Exercise directions - Once the pictures are removed, restate the data below word for word.

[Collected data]
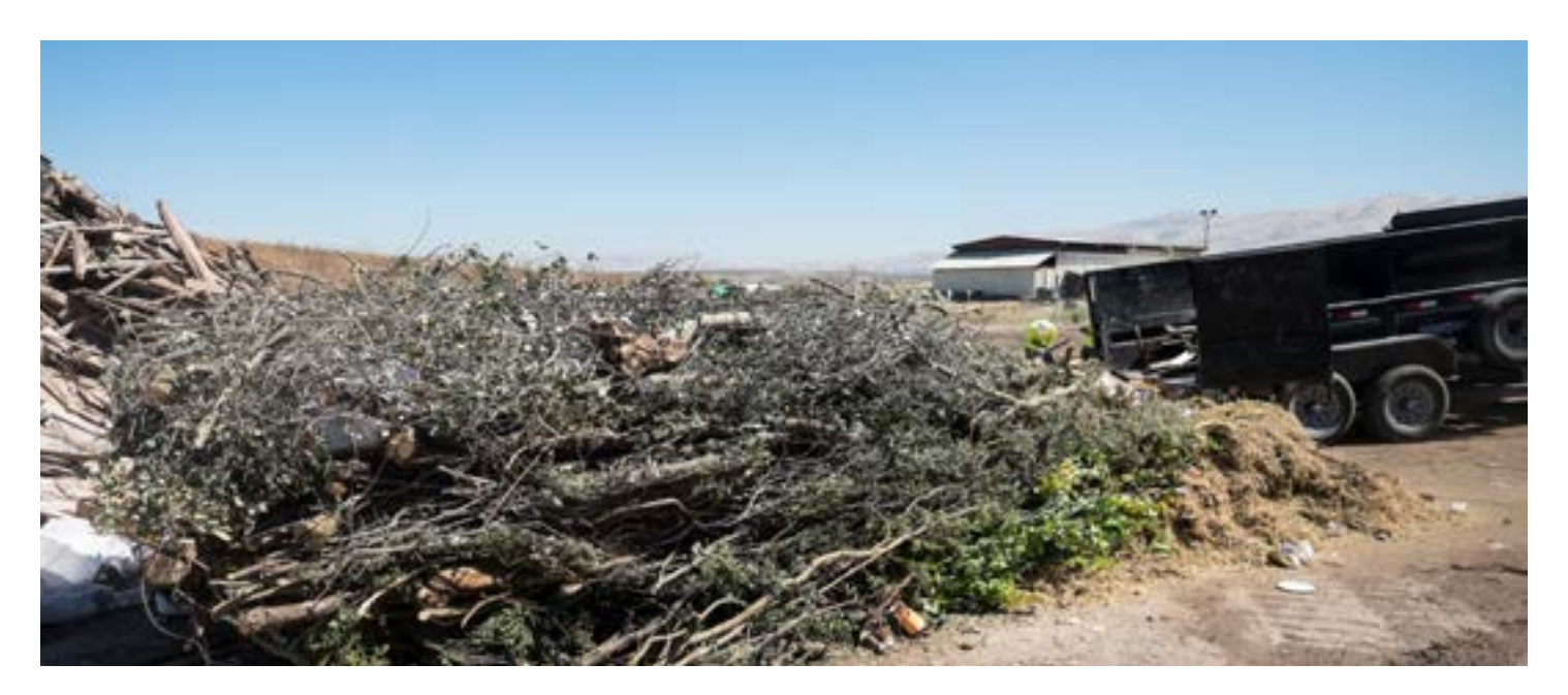
To return to the table of contents, click the logo .

May be classified as TRASH or MISCELLANEOUS DEBRIS if containing excessive amounts of Trash. NON- RECYCLABLE ITEMS (TRASH) may include pressure-treated wood, laminated wood, painted wood, sawdust, insulation, PVC pipes, film plastics and other packing materials, asphalt roofing, roofing felt, roofing insulation, fiberglass insulation, vinyl flooring, ceiling tiles, stucco, soil, asphalt, windows, doors, carpeting, carpet padding, furniture, cabinets, sinks, furniture and Styrofoam, crushed materials, mattresses, rubber tiles, ground rubber materials, textiles and linen, couches, chairs, desks, office partitions, signs, foam board, cabinets, wet materials, Visqueen, composite type materials and or materials contained in trash bags.
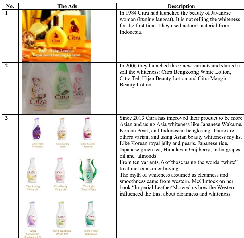
Table 1. Citra Body Lotion's Evolution [8].

As we seen from the table above, Citra used white representation to sell their products. From the ads we can see how whiteness becomes something good and idolized. White skin color is more than a fantasy; it is a concept to describe beauty to Indonesian women. The current reality is determined by the market. Formerly women flocked make ringlets
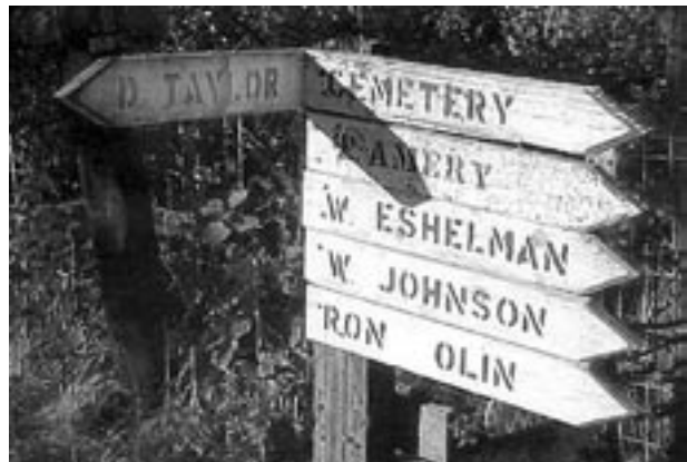
Locator signs, one of the many 4-H projects, can still be seen around the prairie.

One can think of many community functions over the years raising money for 4-H projects, fire department needs and kids doing community deeds. One 4-H project the kids performed was fashioning, and painting the sign at the cemetery, installing posts at some of the local ponds with ropes and intertubes tied to them for the safety of swimmers. The kids even got together working as a group raising funds charging or receiving donations of a various amounts, mowing grass, stacking wood or general cleanup of yards for some of the elderly and others.
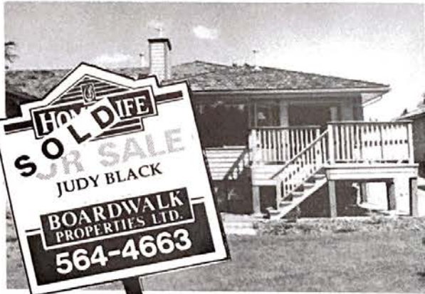
JUDY BLACK Realtor

Your solution -
To return to the table of contents, click the logo .

May be classified as TRASH or MISCELLANEOUS DEBRIS if containing excessive amounts of Trash. NON- RECYCLABLE ITEMS (TRASH) may include pressure-treated wood, laminated wood, painted wood, sawdust, insulation, PVC pipes, film plastics and other packing materials, asphalt roofing, roofing felt, roofing insulation, fiberglass insulation, vinyl flooring, ceiling tiles, stucco, soil, asphalt, windows, doors, carpeting, carpet padding, furniture, cabinets, sinks, furniture and Styrofoam, crushed materials, mattresses, rubber tiles, ground rubber materials, textiles and linen, couches, chairs, desks, office partitions, signs, foam board, cabinets, wet materials, Visqueen, composite type materials and or materials contained in trash bags.
Table 1. Citra Body Lotion's Evolution [8].

As we seen from the table above, Citra used white representation to sell their products. From the ads we can see how whiteness becomes something good and idolized. White skin color is more than a fantasy; it is a concept to describe beauty to Indonesian women. The current reality is determined by the market. Formerly women flocked make ringlets
Locator signs, one of the many 4-H projects, can still be seen around the prairie.

One can think of many community functions over the years raising money for 4-H projects, fire department needs and kids doing community deeds. One 4-H project the kids performed was fashioning, and painting the sign at the cemetery, installing posts at some of the local ponds with ropes and intertubes tied to them for the safety of swimmers. The kids even got together working as a group raising funds charging or receiving donations of a various amounts, mowing grass, stacking wood or general cleanup of yards for some of the elderly and others.
JUDY BLACK Realtor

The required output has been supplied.